Look through the listing below for the line containing "A medencés családi". Copy it and each line after it up to and including the line containing "Vintage 1950’s Stunning", exactly, leaving out pictures.

> **Available data**:
=====
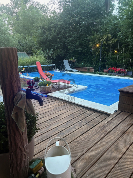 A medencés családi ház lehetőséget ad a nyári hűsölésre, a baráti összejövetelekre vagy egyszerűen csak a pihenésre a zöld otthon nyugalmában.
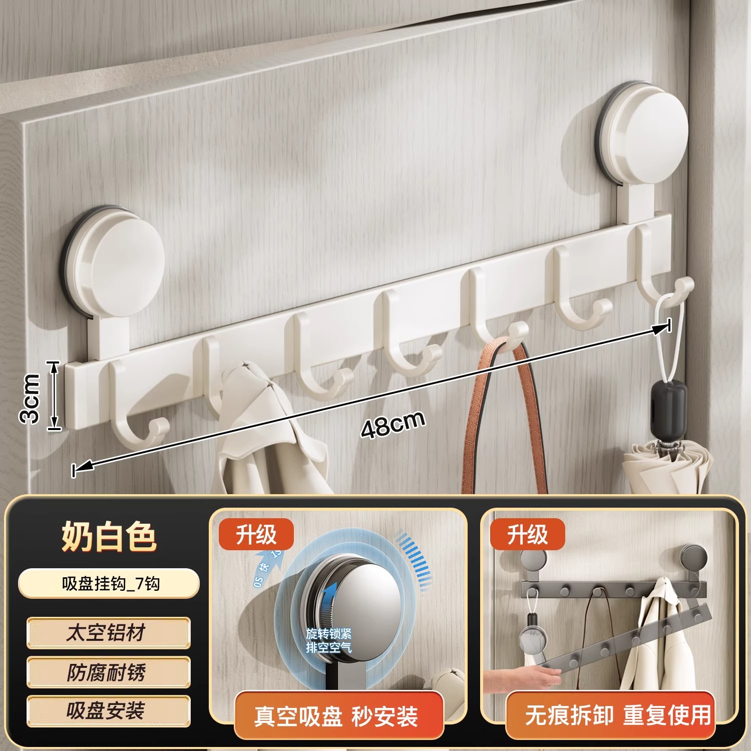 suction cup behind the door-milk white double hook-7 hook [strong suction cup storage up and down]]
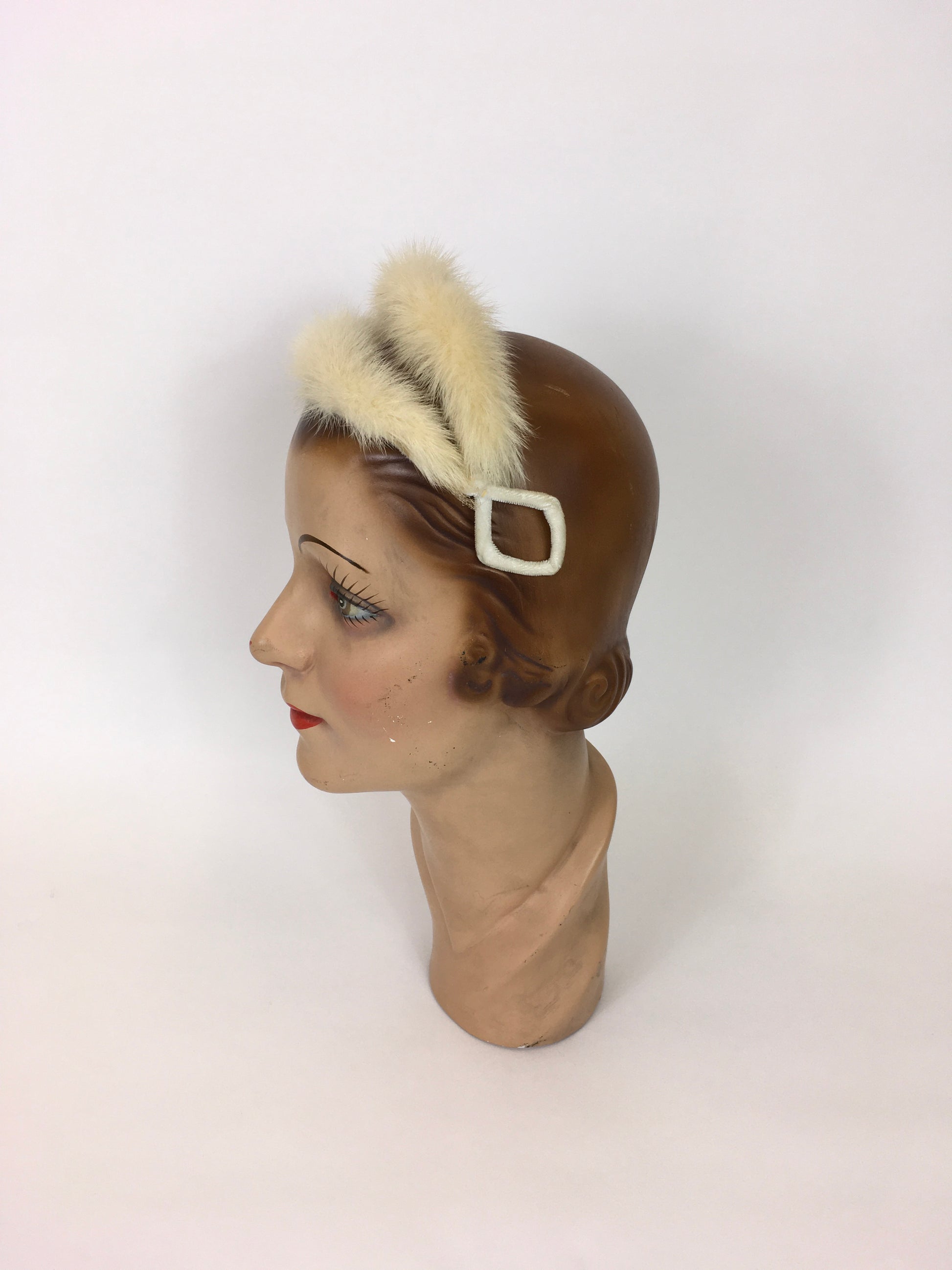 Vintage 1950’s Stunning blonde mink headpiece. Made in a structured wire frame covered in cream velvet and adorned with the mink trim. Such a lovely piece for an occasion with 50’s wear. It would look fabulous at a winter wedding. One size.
=====
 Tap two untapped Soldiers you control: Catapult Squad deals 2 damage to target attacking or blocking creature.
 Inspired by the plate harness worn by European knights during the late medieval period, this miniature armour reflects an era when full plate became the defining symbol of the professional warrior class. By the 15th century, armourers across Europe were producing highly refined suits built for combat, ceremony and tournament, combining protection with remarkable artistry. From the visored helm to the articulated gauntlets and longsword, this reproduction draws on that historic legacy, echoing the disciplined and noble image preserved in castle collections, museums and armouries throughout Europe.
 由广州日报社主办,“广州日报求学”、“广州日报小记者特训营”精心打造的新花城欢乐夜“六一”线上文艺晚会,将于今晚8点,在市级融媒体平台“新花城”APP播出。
=====
> **Exercise output**:
 A medencés családi ház lehetőséget ad a nyári hűsölésre, a baráti összejövetelekre vagy egyszerűen csak a pihenésre a zöld otthon nyugalmában.
 suction cup behind the door-milk white double hook-7 hook [strong suction cup storage up and down]]
 Vintage 1950’s Stunning blonde mink headpiece. Made in a structured wire frame covered in cream velvet and adorned with the mink trim. Such a lovely piece for an occasion with 50’s wear. It would look fabulous at a winter wedding. One size.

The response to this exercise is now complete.